The US dollar briefly dipped to its lowest level since the start of the year against a basket of foreign currencies in the week ending May 28, 2021, as persistently high consumer-price growth and the ongoing expectation of low interest rates and loose monetary conditions continued to take their toll. The economic concept of relative purchasing power parity (RPPP) states that the currency exchange rate between two countries should be inversely related to the difference in their respective inflation rates. If prices in country A have grown more than in country B, country A’s currency needs to depreciate, so that a consumer from country B pays the same amount of money for a comparable basket at home and abroad.
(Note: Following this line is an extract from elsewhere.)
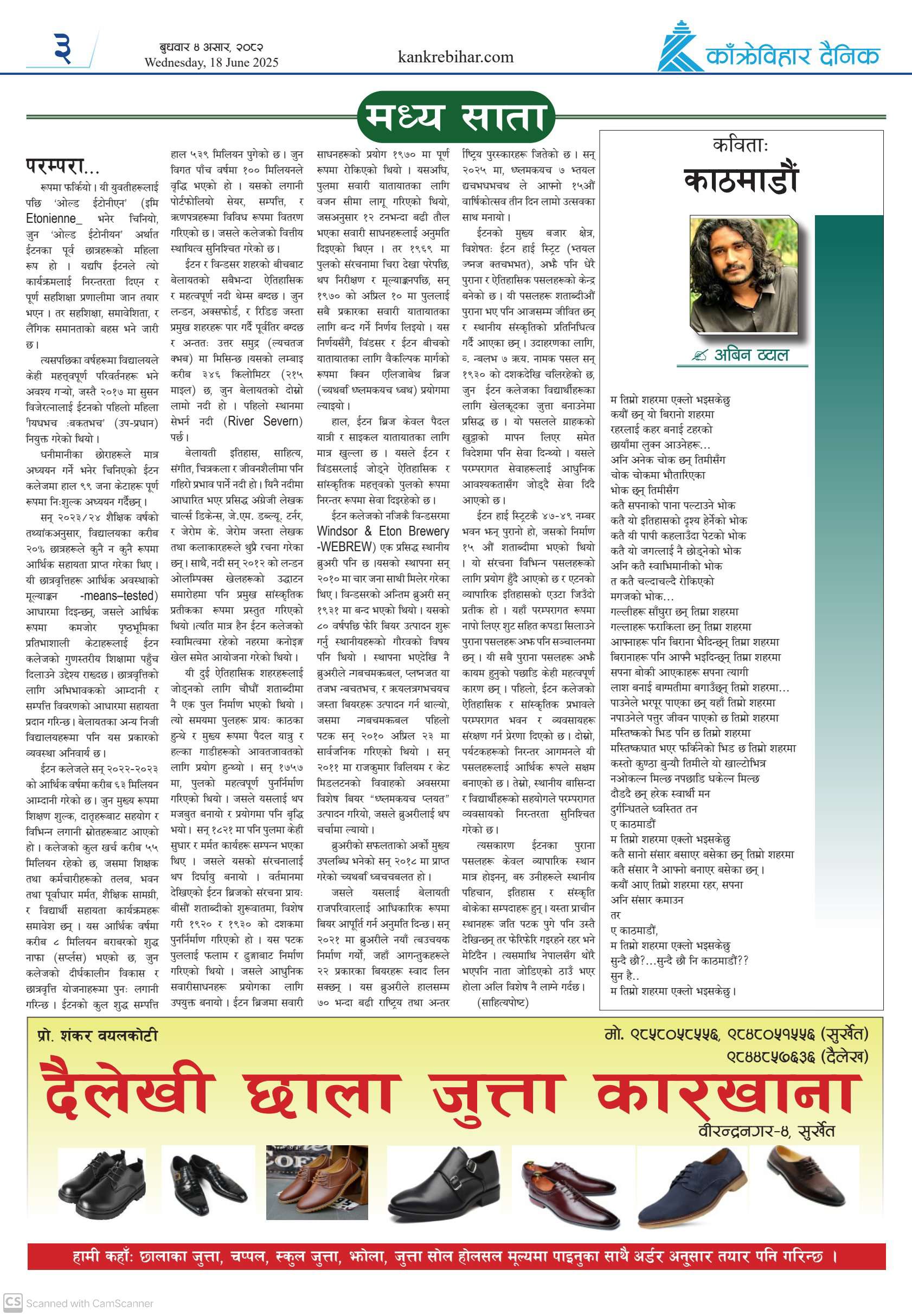 काँक्रेविहार दैनिकः बिहिवार २९ जेठ २०८२, 12 Jun 2025

Given that inflation—both realized and expected—is currently much higher in the United States than in many European countries, RPPP suggests that the dollar should weaken further against, for instance, the euro and the pound. The latter derived additional support from several Bank of England rate-setters, who hinted that a base-rate hike could be in the cards as early as next year. Higher interest rates can also make a currency more attractive to foreign investors.
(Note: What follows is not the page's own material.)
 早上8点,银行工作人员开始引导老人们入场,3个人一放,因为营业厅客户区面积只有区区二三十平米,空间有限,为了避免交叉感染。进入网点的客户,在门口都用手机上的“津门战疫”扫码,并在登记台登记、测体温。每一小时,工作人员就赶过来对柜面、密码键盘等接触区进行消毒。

Please refer to Figure 6 of the current Multi-Asset Class Risk Monitor (dated May 28, 2021) for further details.

Portfolio risk keeps falling, but diversification remains limited

Short-term risk in Qontigo’s global multi-asset class model portfolio was once again slightly lower at 7.8% as of Friday, May 28, 2021, thanks to a further decline in both stock-market and exchange-rate volatilities. Accordingly, non-US developed equities experienced the biggest drop in their percentage risk contribution, from 23.3% to 21.3%. However, much of these benefits was offset by the ongoing co-movement of stock and bond prices. But it was the oil holding that saw the biggest surge in its share of overall portfolio volatility—at 2.2%—after a renewed uptick in its correlation with global stock markets.

Please refer to Figures 7-10 of the current Multi-Asset Class Risk Monitor (dated May 28, 2021) for further details.